# Cockatiel Aviary size?



## Oakley7681

hey gang, I'm new to the forum but I've found it very helpful. I was wondering if I could get some information. I'm purchasing a flock of cockatiels (30) from a lady who is getting out of breeding. She is giving me their outside cage, but I would like to construct something a big better than what they've had. I was wondering what size I would need to build for 30 birds. I'm very excited about getting them and want to give them a good life. Thanks for any info you can provide.

Tim


----------



## kevncaz

Hi , your going from zero to thirty ? 
Best of luck , will be fun to follow your progress though 
our advice on aviary size would be big , no bigger than that , no bigger than that aswell 
sorry not much help just overwhelmed with you taking on 30 tiels , also impresed though at your commitment

xx kev n caz xx


----------



## srtiels

Hi...can you give a little more info? 

Where are you located?...meaning is the climate fine for them in an oustside flight year round? 

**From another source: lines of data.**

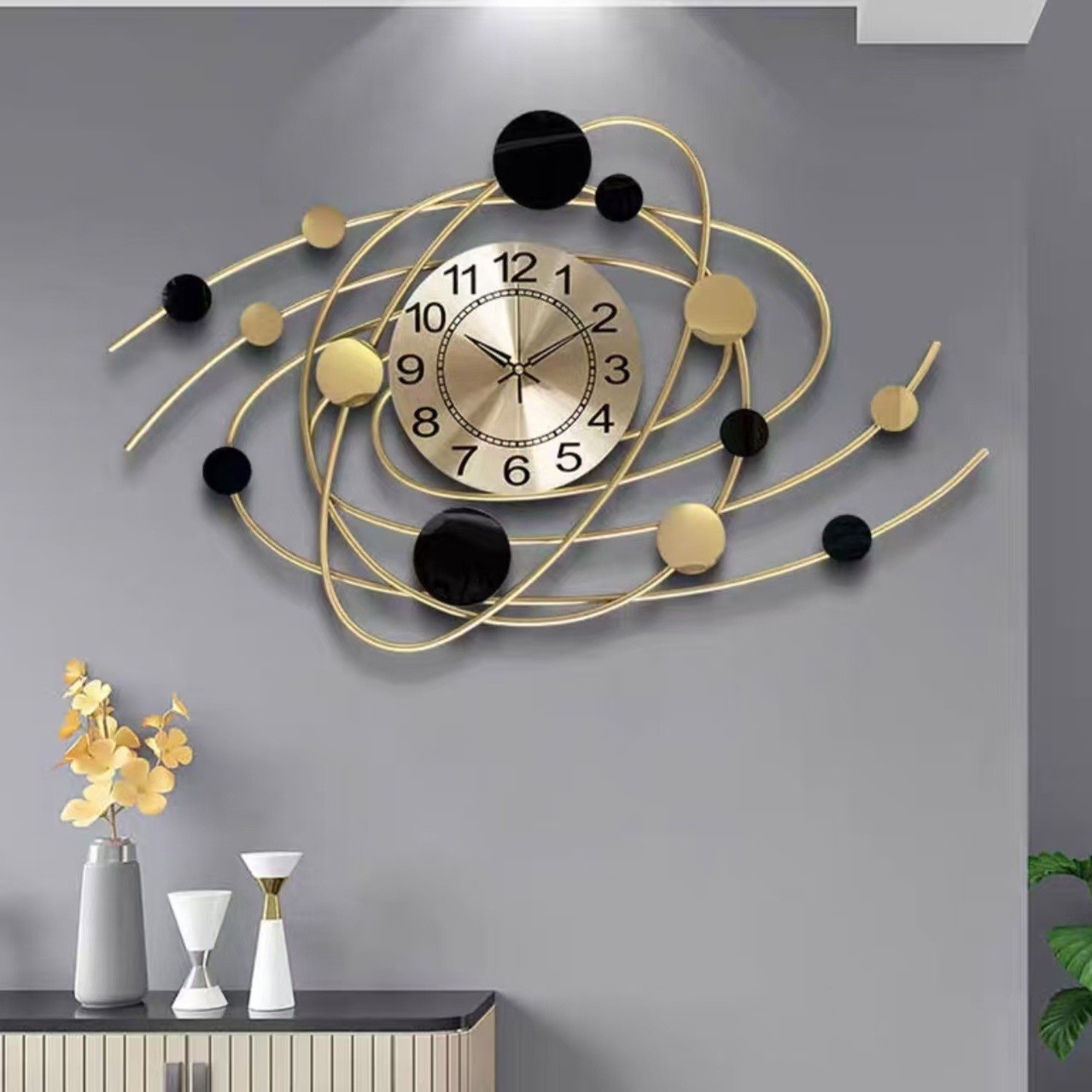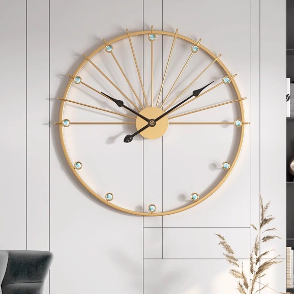 新型軽豪華創意家庭用掛け時計鉄芸個性装飾静音時計客間極簡芸術時計壁時計
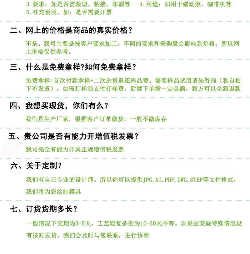 產(chǎn)品硬度 | 20-80A | 打樣時間 | 7天內(nèi) | 產(chǎn)品樣板 | 現(xiàn)樣免費 |
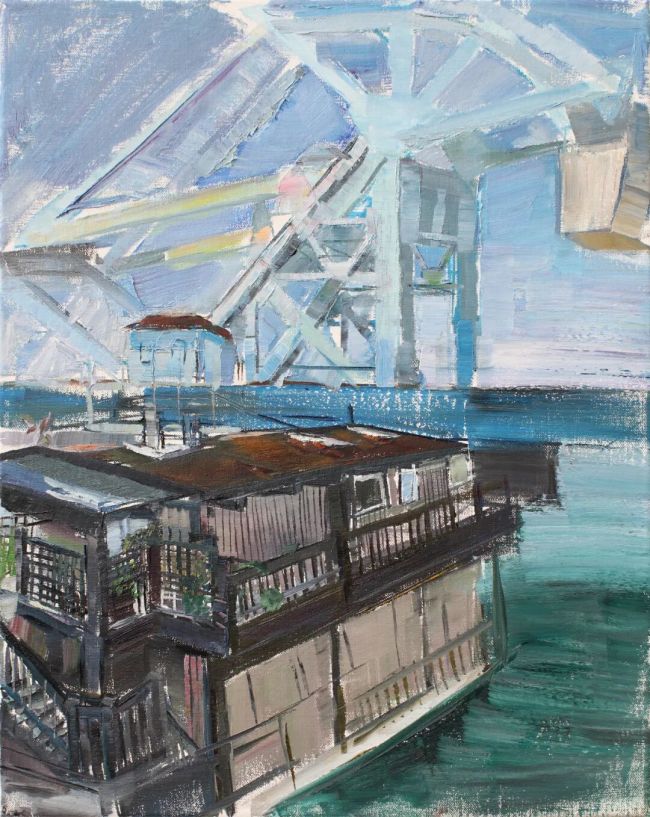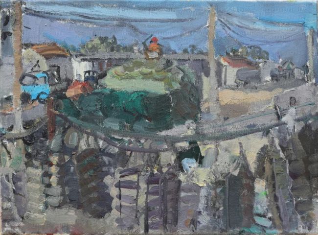 王晓欧将绘画视为承载历史与集体记忆的物质载体。如同安塞姆·基弗用铅铁、稻草、灰烬构建画面的沉重感,王晓欧的作品也强调物质的在场感。他将这种视觉语法应用于其最熟悉的渔民题材。在他所构建的视觉世界中,我们常常可以观察到聚集的船只、堆积的方形塑料筐、数量众多的鱼等等。尤其是盛满了“战利品”的白色方形塑料筐,它的造型稳定结实,像是构筑房屋的基石一般,构建起画面的基础。
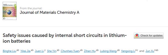 第一項(xiàng)成果:Safety issues caused by internal short circuits in lithium-ion batteries(鋰離子電池內(nèi)部短路引起的安全問(wèn)題)。該成果是,華為中央研究院聯(lián)合北航的研究人員提出了一種具有高度重復(fù)性的研究電池內(nèi)短路的新方法,并結(jié)合實(shí)驗(yàn)和仿真手段考察了內(nèi)短路發(fā)展過(guò)程。
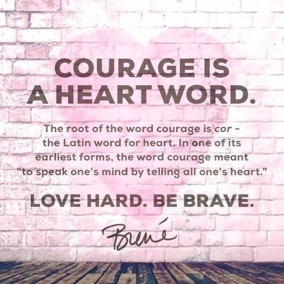 If you are not familiar with Brene’s work, she does a lot on vulnerability. I know—all of this work takes courage, and you have it! I know you have it. One of the quotes that I life from her says, “Courage is a heart word. The root of the word courage is cor—the Latin word for heart. In one of its earliest forms, the word courage meant ‘To speak one’s mind by telling all one’s heart.’ Over time, this definition has changed, and today, we typically associate courage with heroic and brave deeds. But in my opinion, this definition fails to recognize the inner strength and level of commitment required for us to actually speak honestly and openly about who we are and about our experiences—good and bad. Speaking from our hearts is what I think of as ‘ordinary courage.’”
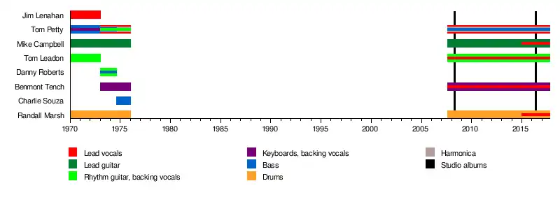 - Tom Petty – bass (1971–1974, 2007–2017; his death), backing vocals (1971–1973, 2007–2017), lead vocals, harmonica (1971–1975, 2007–2017), rhythm guitar (1973–1975), keyboards (1971–1973)
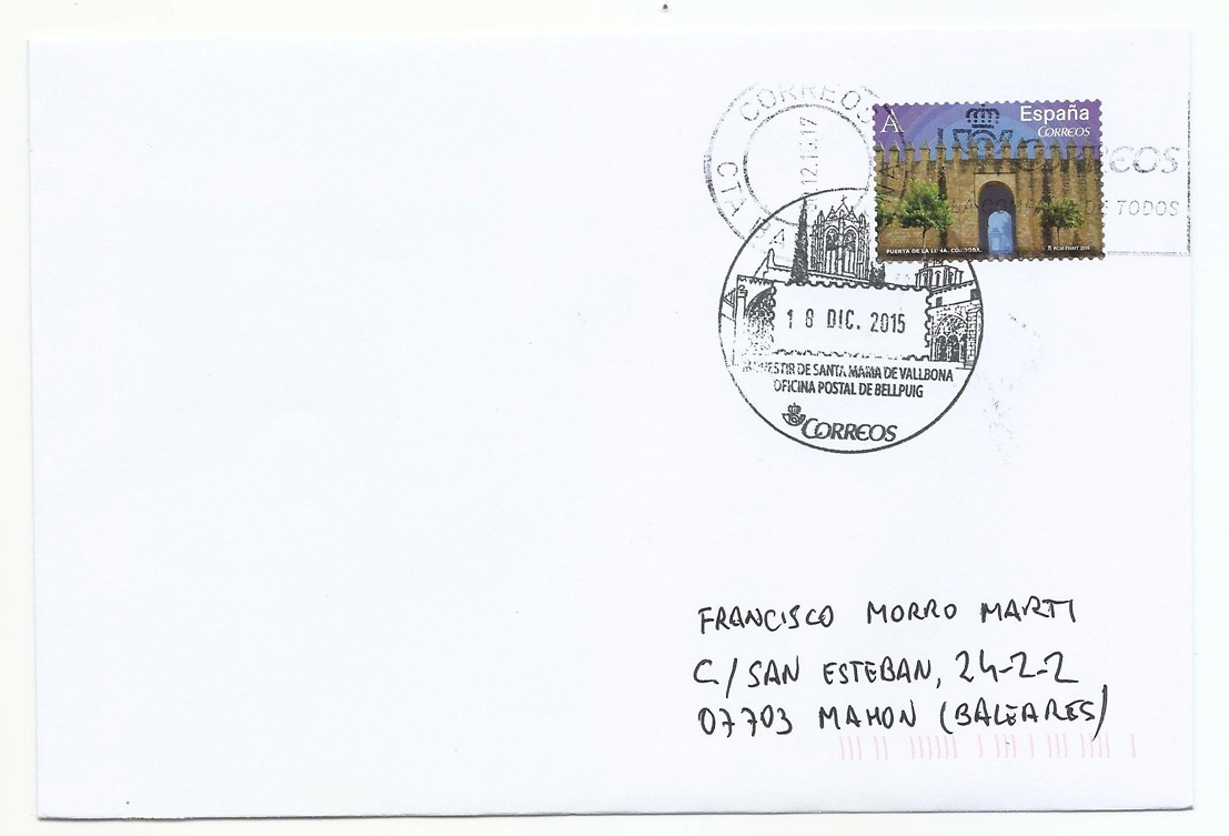 Subo impronta del matasellos de Vilafranca del Penedés por aquello de que es posible sea primera fecha de uso 18/12/2015. La vi en una página de redes sociales y por el momento no se nada más.
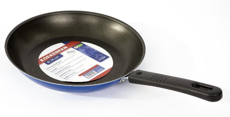 Aluminium koekenpan met anti-aanbaklaag en afneembare steel. Afmetingen: diameter 24cm; hoogte 4cm. Kleur: blauw.
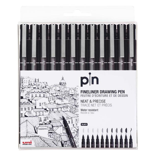 Uni Pin Fineline Permanent Drawing Set 12 Piece
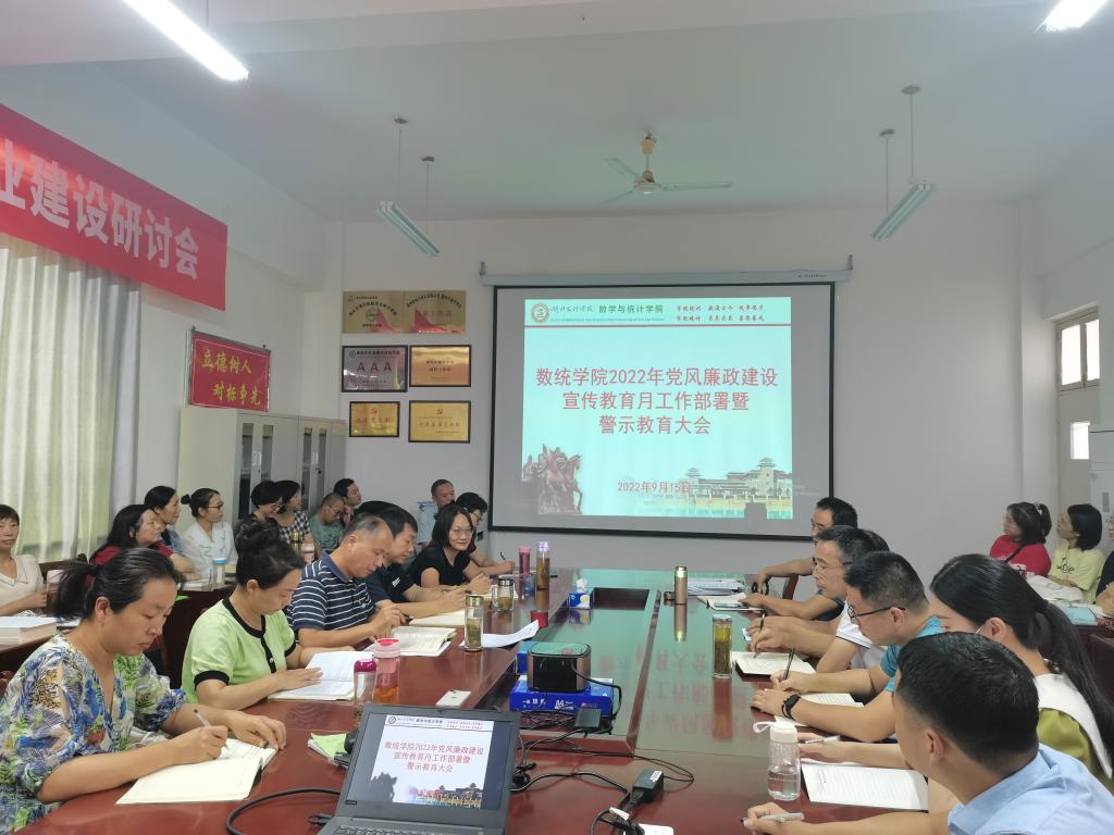 在学院会议室召开2022年党风廉政建设宣教月工作部署暨警示教育大会。学院领导班子成员、全体教职工参加,会议由学院党委书记刘浩主持。
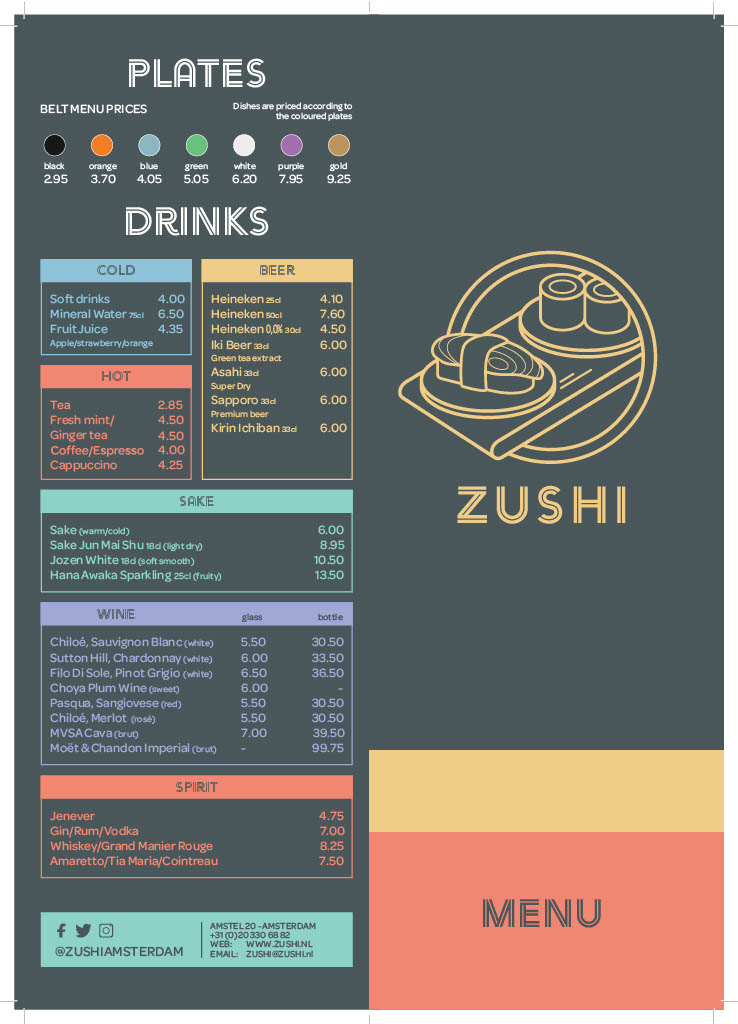 Since 1999 Zushi stands for delicious fresh quality sushi and grilled dishes in a relaxed and friendly atmosphere. Our conveyor belt sushi bar is located in the city centre of Amsterdam, in a beautiful 19th-century building that offers a beautiful view over the Amstel River. You will find a complete assortment of various sushi and warm dishes that are made with only the finest ingredients: premium beef and chicken, fresh sustainable seafood with the MSC or ASC label and hand-cut fruit and vegetables.
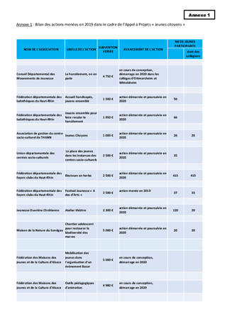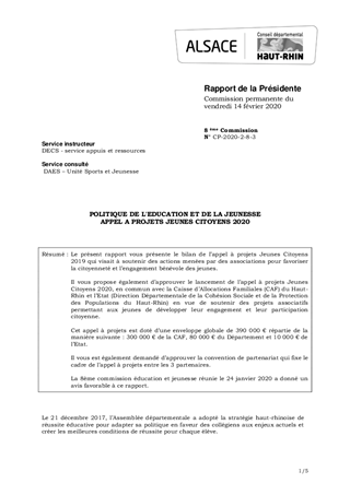 Le présent rapport vous présente le bilan de l’appel à projets Jeunes Citoyens 2019 qui visait à soutenir des actions menées par des associations pour favoriser la citoyenneté et l’engagement bénévole des jeunes. Il vous propose également d’approuver le lancement de l’appel à projets Jeunes Citoyens 2020, en commun avec la Caisse d’Allocations Familiales (CAF) du Haut-Rhin et l’Etat (Direction Départementale de la Cohésion Sociale et de la Protection des Populations du Haut-Rhin) en vue de soutenir des projets associatifs permettant aux jeunes de développer leur engagement et leur participation citoyenne. Cet appel à projets est doté d’une enveloppe globale de 390 000 € répartie de la manière suivante : 300 000 € de la CAF, 80 000 € du Département et 10 000 € de l’Etat. Il vous est également demandé d’approuver la convention de partenariat qui fixe le cadre de l’appel à projets entre les 3 partenaires. La 8ème commission éducation et jeunesse réunie le 24 janvier 2020 a donné un avis favorable à ce rapport.

What size cage/flight do they currently have?

How were they bred?...cage or colony?

Age of the birds, and are there equal amounts of males and females? Are they related to each other, or unrelated?

Depending on you location and the type of caging they currently have it is hard to make suggestions.

Can you take pix's and post of the current cage/flight with the birds in them?


----------



## Oakley7681

I live in Southeast Tennessee. The birds are from a lady in GA. None of the birds are related (per the owner) and do fine in the setting she has set up. There are 15 males and 15 females. She picks and chooses which birds to bring out and set up in a breeding cage when she wants to breed. them. The ages are from 2 to 6. . she states it's 3' x 4' x 6'. I'll want a better cage than this but need to be economical as well. I currently have 4 pet cockatiels of my own and love them. I've hand fed several birds and look forward to having this asa hobby. i tried uploading a picture but can't get it small enough for the forum rules?


----------



## srtiels

I have approx 31 in a walk-in 9' long x 3' wide x 6' high. This flight contains a few resting pairs, and 18 weaned young I've held back. I have another flight that is 4' x 4' 9' thats suspended above the ground by 3 ft. and have approx the same amount of birds, and the pairs in the flight are bonded, and I colony breed that flight.

As to the pix, you can resize the pix smaller for posting.

You can keep the 3' x 4' x6' as a holding cage for youg that you are saving back. Or for some resting pairs. You can never have enough cages.

I don't know how handy you are. You can make a flight using a panel system...meaning 3' x6' panels and make a bunch of then so that later if you want to expand the size of the flight you add more panels...if you want to reduce the size, take away panels. The door can also be made of PVC pipes. The last pix shows a panel above the door so that you have to duck to walk-in. The reason for this is because the birds will try to fly high over your head and this is a simple preventative.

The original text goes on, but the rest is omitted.